Exercise. Would you reproduce exactly, and only, the lines starting at the one with "#18 宮城昊河選手がスピードを生かしたドライブからレイアップシュートを沈めます。その後#12 大城瑛士選手、#37" and ending at the last line of the data, with both included? Leave the pictures out.

Data records.
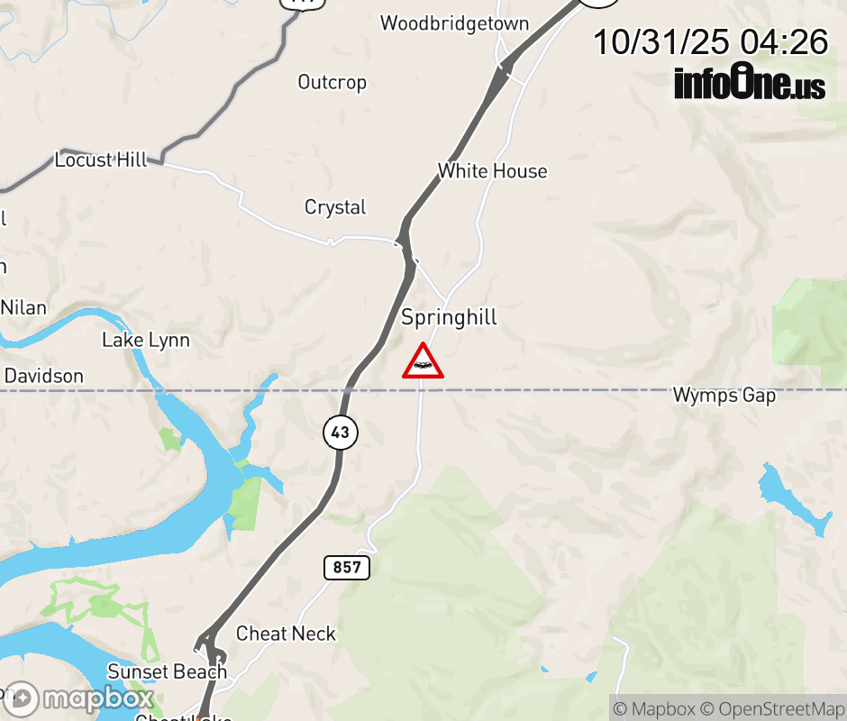 Vehicle Crash on WV-857 (1637 Fairchance Road). The northbound road is closed. The southbound road is closed. ![]() |
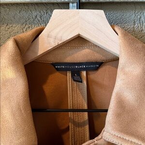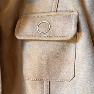 Excellent Used Condition- I wore this less than 10 times. It has minimal signs of wear. It is buttery soft microfiber faux suede like material. The gold detailed buttons and zipper are super classy. This is a perfect lightweight jacket for Fall π Please see pictures for details including measurements.
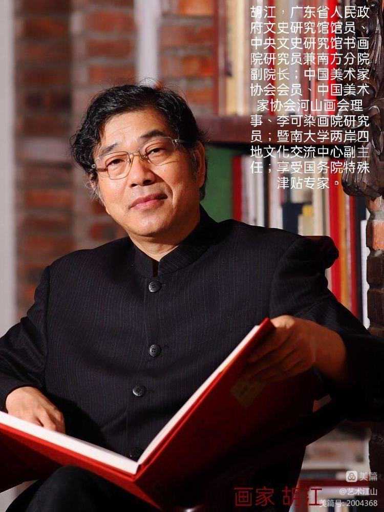 ▽胡江,现为广东省人民政府文史研究馆馆员、广东省人民政府文史研究馆艺术创作中心副主任、中国美术家协会会员、中国美术家协会河山画会会员,李可染画院研究员;广东岭南诗书画研究院执行院长;暨南大学兼职教授、暨南大学两岸四地文化交流中心副主任;享受国务院特殊津贴专家。
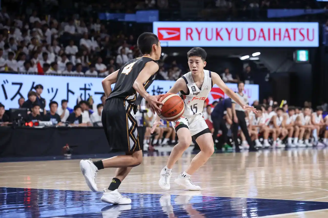 #18 宮城昊河選手がスピードを生かしたドライブからレイアップシュートを沈めます。その後#12 大城瑛士選手、#37 金城大智選手、#18 宮城選手がインサイドから得点を重ねます。素早いパスワークからフリーの#31 新里颯一朗選手が3Pシュートを射抜きます。#21 砂川恵汰選手がジャンプシュートを沈め、17-8で徐々にリードを広げます。#30 仲松優選手が3Pシュートを沈めます。#10 仲村元喜選手がオフェンスリバウンドを奪い、そのまま流し込み、26-10で1クォーターを終了します。 |
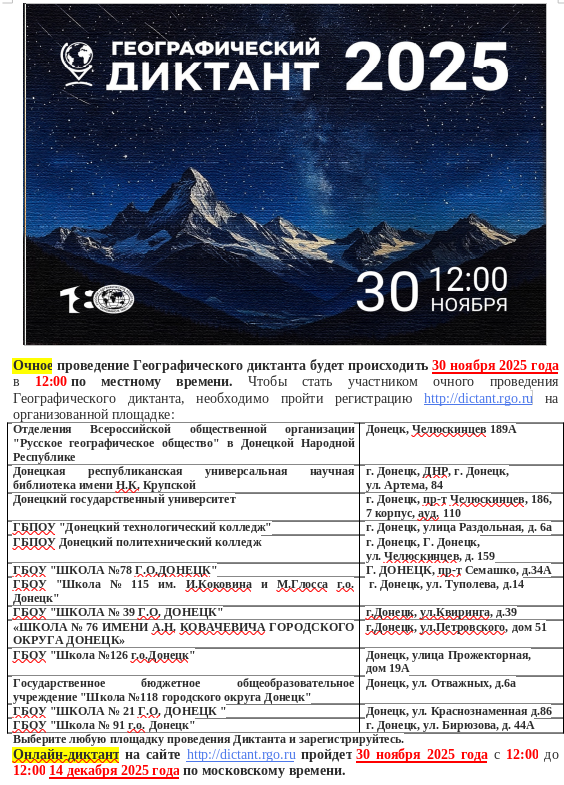 19.11.2023г. с 12:00 по 13:00 дистанционно состоится ВСЕРОССИЙСКИЙ ГЕОГРАФИЧЕСКИЙ ДИКТАНТ-2023.

Answer for this exercise.
 #18 宮城昊河選手がスピードを生かしたドライブからレイアップシュートを沈めます。その後#12 大城瑛士選手、#37 金城大智選手、#18 宮城選手がインサイドから得点を重ねます。素早いパスワークからフリーの#31 新里颯一朗選手が3Pシュートを射抜きます。#21 砂川恵汰選手がジャンプシュートを沈め、17-8で徐々にリードを広げます。#30 仲松優選手が3Pシュートを沈めます。#10 仲村元喜選手がオフェンスリバウンドを奪い、そのまま流し込み、26-10で1クォーターを終了します。 |
 19.11.2023г. с 12:00 по 13:00 дистанционно состоится ВСЕРОССИЙСКИЙ ГЕОГРАФИЧЕСКИЙ ДИКТАНТ-2023.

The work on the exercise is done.